“Bewitched, bothered, and bewildered am I” wrote US songwriter Lorenz Hart about the feeling of infatuation. It’s blissful and euphoric, as we all know. But it’s also addicting, messy and blinding. Without careful monitoring, its wild wind can rage through your life leaving you much like the lyrics of a country song: without a wife, […]
I also loved this comment from reader Lynn on the message board of my “You Are Not Your Disease: You Are Not Your Pot” post.
My schizophrenic partner for many years has lived in his pot, or I should say stayed in his pot for at least 30 years. I somewhat understand why this happens with mentally-ill people. For him, his voices have been his constant companions for the length of his illness. For him the fear of what lies beyond his illness keeps him there. He also holds on to the fact that he is unusual, or different. He has always been crazy, George. I truly believe that he thinks by giving up the “friends” (or voices), negative and positive, he will be left completely alone, and will have no one to be. His fear paralyzes him so he stays where he is safe.
He is a truly kind and loving soul who suffers every day.

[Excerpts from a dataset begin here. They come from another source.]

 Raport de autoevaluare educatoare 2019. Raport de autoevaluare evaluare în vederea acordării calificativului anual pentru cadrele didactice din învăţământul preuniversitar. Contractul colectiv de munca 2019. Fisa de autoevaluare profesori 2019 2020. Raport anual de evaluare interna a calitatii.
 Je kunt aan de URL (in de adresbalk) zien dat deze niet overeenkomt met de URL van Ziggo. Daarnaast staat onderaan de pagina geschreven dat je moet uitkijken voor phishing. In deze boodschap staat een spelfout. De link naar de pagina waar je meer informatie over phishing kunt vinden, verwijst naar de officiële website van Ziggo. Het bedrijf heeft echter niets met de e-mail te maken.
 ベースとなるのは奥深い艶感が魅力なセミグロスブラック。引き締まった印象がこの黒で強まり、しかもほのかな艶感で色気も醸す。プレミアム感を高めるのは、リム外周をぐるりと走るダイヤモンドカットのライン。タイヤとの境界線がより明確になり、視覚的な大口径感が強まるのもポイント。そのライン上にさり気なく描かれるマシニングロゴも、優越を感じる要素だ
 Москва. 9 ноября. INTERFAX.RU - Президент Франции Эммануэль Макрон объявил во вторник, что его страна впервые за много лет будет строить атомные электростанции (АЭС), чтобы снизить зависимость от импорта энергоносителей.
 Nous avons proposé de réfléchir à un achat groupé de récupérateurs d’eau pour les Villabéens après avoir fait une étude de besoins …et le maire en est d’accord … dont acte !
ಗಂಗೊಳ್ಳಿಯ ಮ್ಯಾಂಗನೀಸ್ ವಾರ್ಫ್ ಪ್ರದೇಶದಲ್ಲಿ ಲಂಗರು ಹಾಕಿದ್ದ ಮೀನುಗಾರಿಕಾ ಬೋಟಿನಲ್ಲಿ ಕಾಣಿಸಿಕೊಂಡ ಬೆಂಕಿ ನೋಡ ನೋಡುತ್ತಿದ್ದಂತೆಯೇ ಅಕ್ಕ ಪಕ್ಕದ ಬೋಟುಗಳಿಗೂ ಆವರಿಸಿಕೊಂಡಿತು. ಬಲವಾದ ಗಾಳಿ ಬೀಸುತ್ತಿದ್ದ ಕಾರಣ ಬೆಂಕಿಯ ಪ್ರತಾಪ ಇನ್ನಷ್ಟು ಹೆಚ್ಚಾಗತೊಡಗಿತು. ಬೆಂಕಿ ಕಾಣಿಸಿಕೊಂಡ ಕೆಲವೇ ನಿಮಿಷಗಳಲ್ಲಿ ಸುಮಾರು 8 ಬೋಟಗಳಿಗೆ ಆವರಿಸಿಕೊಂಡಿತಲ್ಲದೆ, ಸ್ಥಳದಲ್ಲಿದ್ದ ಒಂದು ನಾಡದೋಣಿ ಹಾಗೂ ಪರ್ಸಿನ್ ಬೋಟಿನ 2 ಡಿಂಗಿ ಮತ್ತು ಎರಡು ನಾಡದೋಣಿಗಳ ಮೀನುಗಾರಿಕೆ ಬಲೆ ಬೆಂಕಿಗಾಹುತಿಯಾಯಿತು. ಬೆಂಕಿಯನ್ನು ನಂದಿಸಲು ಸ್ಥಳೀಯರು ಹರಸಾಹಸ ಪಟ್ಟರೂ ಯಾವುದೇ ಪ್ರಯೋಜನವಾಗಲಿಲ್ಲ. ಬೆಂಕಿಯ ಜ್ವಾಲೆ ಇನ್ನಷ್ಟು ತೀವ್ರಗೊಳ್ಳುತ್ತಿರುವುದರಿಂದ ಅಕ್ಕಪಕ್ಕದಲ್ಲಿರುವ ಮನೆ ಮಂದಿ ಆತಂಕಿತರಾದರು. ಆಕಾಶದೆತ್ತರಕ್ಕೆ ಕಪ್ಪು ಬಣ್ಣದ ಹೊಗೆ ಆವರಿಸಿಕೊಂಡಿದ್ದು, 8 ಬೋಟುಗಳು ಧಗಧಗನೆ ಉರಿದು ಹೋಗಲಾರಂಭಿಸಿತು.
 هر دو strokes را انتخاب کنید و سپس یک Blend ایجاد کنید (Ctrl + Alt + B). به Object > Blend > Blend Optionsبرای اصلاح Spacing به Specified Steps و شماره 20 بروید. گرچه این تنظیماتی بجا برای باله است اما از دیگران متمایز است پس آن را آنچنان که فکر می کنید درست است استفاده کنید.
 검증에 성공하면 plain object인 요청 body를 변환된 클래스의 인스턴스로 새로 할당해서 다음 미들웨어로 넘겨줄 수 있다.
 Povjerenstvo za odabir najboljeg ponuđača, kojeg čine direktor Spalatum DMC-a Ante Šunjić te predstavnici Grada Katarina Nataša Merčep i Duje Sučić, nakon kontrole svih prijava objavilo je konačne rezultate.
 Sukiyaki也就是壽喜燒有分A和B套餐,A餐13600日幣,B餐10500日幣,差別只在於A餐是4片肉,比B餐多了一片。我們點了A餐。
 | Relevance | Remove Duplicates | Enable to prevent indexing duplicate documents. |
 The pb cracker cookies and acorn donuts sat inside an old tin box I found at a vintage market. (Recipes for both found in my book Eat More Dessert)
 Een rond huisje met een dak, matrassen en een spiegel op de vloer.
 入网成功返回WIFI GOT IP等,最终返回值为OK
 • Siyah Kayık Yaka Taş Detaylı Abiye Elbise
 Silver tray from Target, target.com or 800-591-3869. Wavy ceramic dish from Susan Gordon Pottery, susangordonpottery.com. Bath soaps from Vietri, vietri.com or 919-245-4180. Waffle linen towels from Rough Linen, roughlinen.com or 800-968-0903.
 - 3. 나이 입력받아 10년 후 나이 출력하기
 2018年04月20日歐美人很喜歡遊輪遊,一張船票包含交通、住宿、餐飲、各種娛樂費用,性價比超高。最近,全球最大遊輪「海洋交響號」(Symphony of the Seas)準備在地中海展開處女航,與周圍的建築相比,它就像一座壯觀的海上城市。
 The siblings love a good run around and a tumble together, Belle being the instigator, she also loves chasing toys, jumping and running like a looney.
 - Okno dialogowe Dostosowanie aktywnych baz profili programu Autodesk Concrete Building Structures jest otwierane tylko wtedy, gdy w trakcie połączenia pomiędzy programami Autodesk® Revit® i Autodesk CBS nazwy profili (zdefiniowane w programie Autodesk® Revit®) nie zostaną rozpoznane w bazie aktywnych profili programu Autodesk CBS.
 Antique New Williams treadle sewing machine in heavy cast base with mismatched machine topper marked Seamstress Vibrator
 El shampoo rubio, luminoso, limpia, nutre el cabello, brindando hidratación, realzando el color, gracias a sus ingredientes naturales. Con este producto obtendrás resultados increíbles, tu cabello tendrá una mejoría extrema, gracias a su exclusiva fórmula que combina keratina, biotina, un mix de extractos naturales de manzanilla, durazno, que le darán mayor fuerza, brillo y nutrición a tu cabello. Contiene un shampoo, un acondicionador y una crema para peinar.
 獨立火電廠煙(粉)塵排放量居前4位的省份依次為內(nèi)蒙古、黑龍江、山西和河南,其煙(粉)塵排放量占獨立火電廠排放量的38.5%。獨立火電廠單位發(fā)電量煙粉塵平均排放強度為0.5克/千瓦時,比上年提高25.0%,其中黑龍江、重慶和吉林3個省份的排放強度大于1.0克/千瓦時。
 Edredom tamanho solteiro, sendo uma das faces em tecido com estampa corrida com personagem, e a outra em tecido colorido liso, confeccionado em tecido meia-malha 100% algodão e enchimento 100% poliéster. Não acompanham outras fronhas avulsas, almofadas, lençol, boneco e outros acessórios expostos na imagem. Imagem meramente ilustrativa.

He now also suffers with the many side effects that 30 years of psychiatric drugs have caused. His struggles are endless, yet he continues to love us: his daughter, his grandchildren and myself. It is a battle for him to remain present in this reality. The anxiety and depression that goes with all of it takes a huge toll. These illnesses ravage self-esteem and relationships. The loss of human potential is beyond understanding.
A doctor told his sister years ago he would probably never marry, have children, or even work. He has done all of this and more. Was it easy? Were we happy? Did we succeed in having the American dream? Not by most standards. We fought through it everyday. We lost much, gained multitudes. We never owned a home or drove a new car. We lived hand to mouth most of the time, and my children and I wore second-hand clothing. But we always had a roof over our heads, and enough food.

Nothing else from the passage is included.